**EXERCISE**
Begin at the line containing "La metodología de" and restate it and each line after it exactly, up to and including the last line below. Leave pictures out.

**DATA**

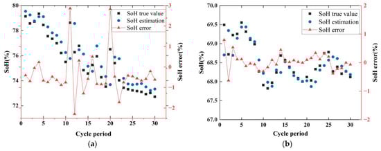 SOH estimation results for Samsung batteries under Condition 1: (a) cell D22; (b) cell D26.
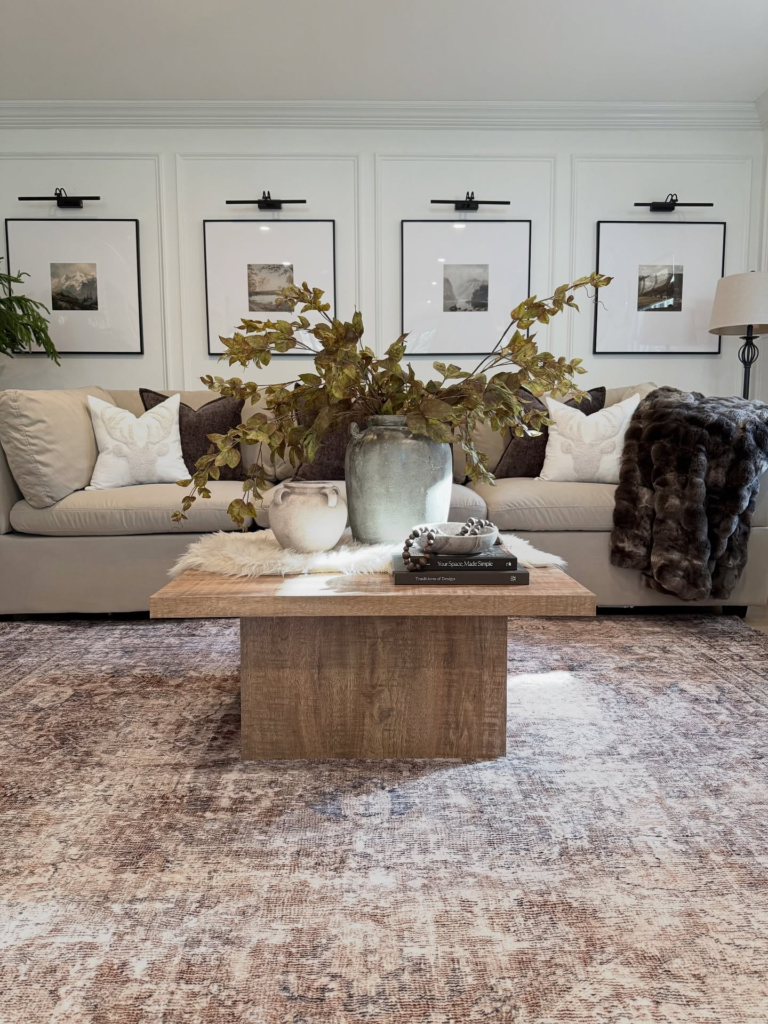 A fresh rug can redefine your living room space. This spring, I picked a light beige rug with delicate patterns. It brightens up the room and makes it feel airy.
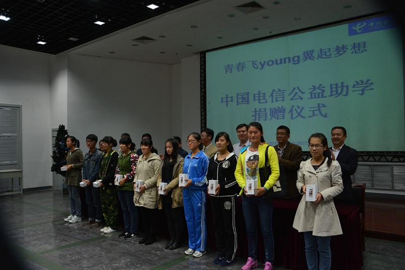 10月30日,2014年“青春飞young 翼起梦想”中国电信公益助学捐赠仪式在我校举行。学校党委副书记孙文亮、中国电信济宁分公司副总经理王健,学生工作处、校团委、宣传部、中国电信济宁分公司负责人出席仪式,各学院党总支副书记、学生代表和130名受助学生参加了仪式。
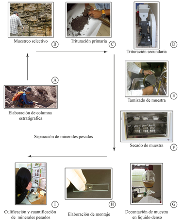 La metodología de separación de minerales pesados utilizada en el presente estudio incluye las siguientes etapas: 1) elaboración de columnas estratigráficas, 2) muestreo selectivo, 3) trituración primaria, 4) trituración secundaria, 5) tamizado de muestra, 6) secado de muestra, 7) decantación de muestra en líquidos densos, 8) elaboración de montaje de minerales pesados y 9) cualificación y cuantificación de minerales pesados.
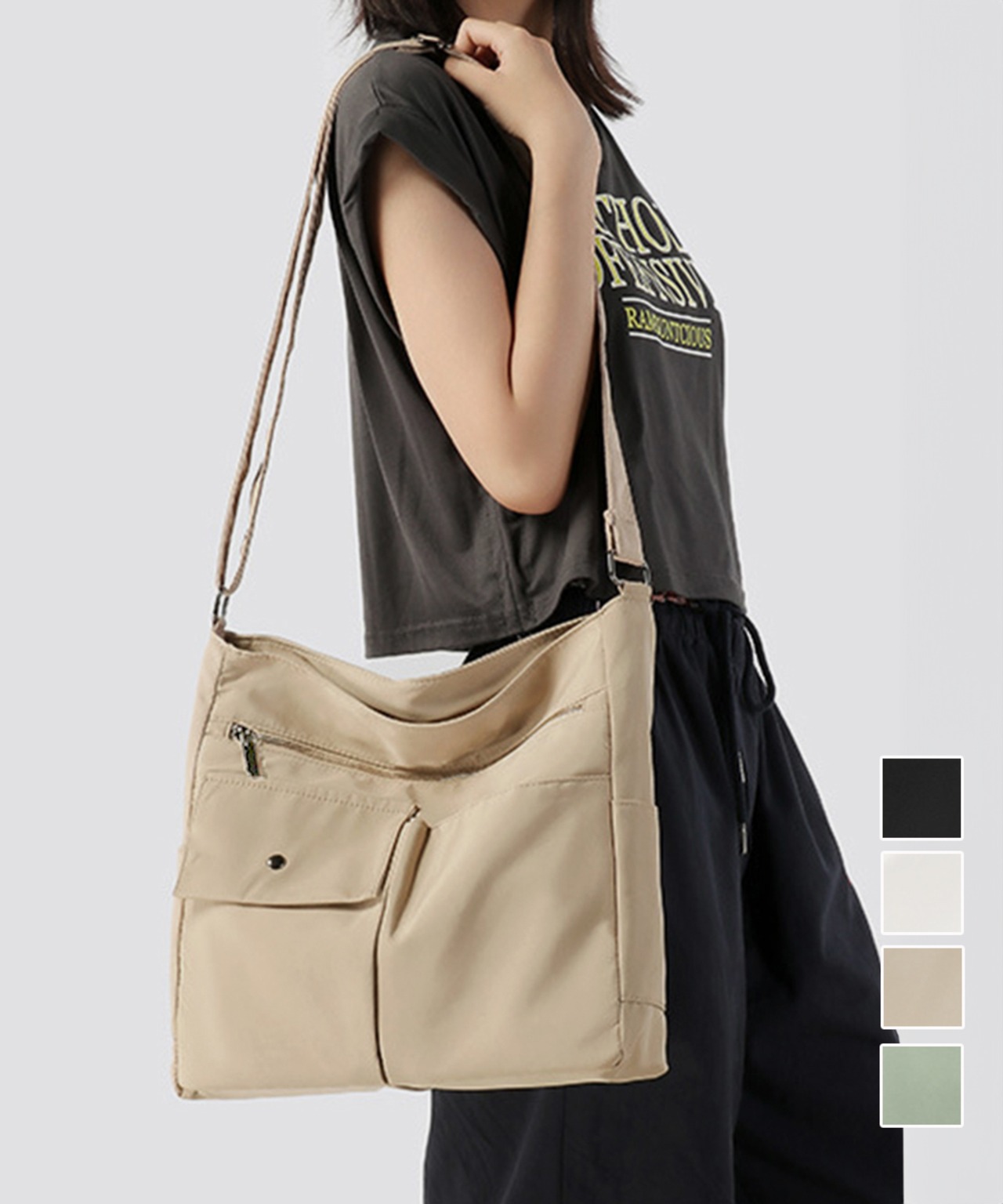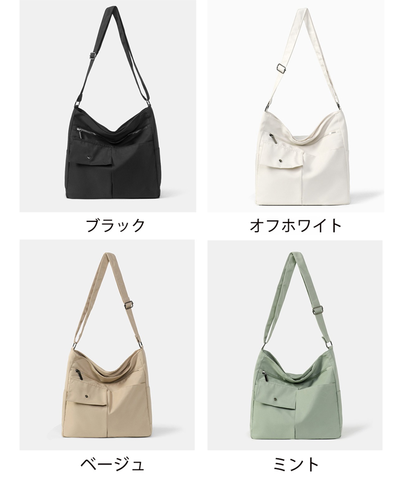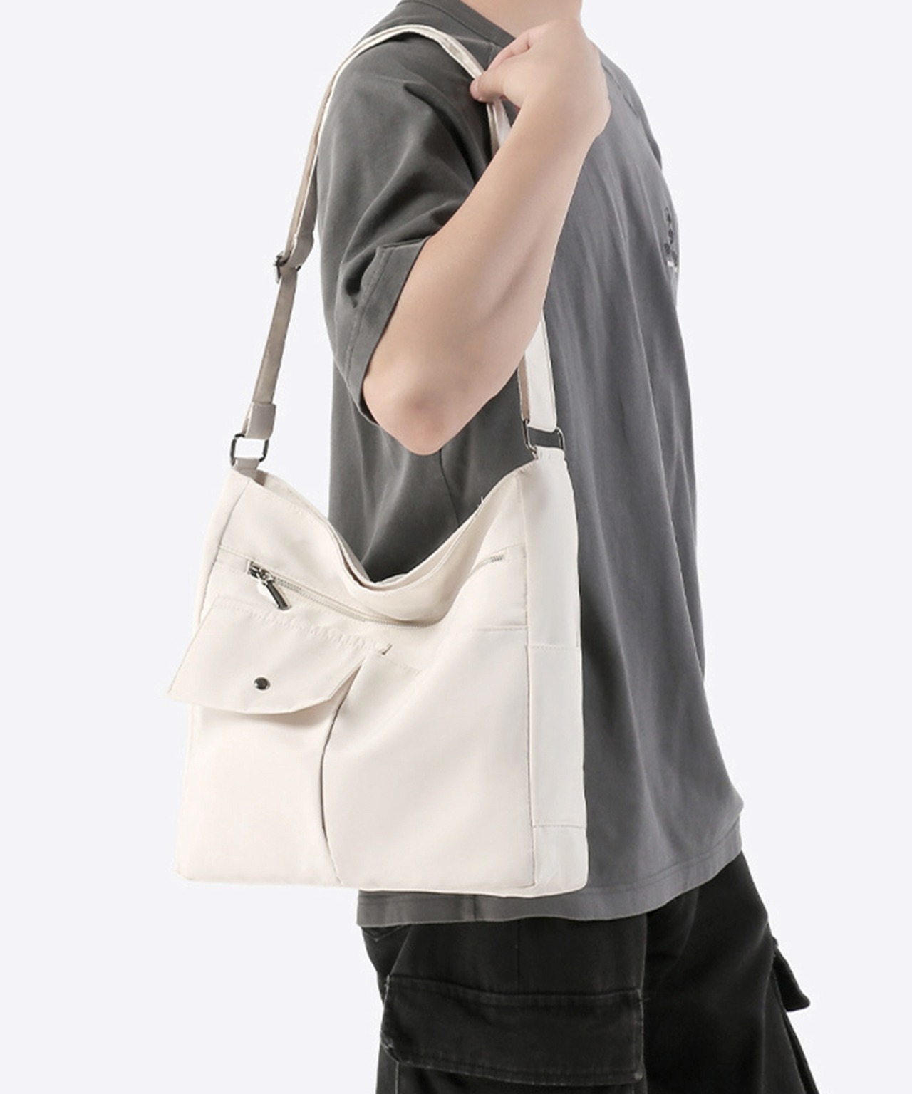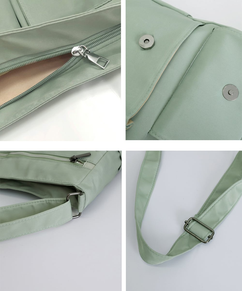 軽量で持ちやすいナイロン素材を使用した、男女兼用の大容量ショルダーバッグ。

**RESPONSE BELOW**
 La metodología de separación de minerales pesados utilizada en el presente estudio incluye las siguientes etapas: 1) elaboración de columnas estratigráficas, 2) muestreo selectivo, 3) trituración primaria, 4) trituración secundaria, 5) tamizado de muestra, 6) secado de muestra, 7) decantación de muestra en líquidos densos, 8) elaboración de montaje de minerales pesados y 9) cualificación y cuantificación de minerales pesados.
 軽量で持ちやすいナイロン素材を使用した、男女兼用の大容量ショルダーバッグ。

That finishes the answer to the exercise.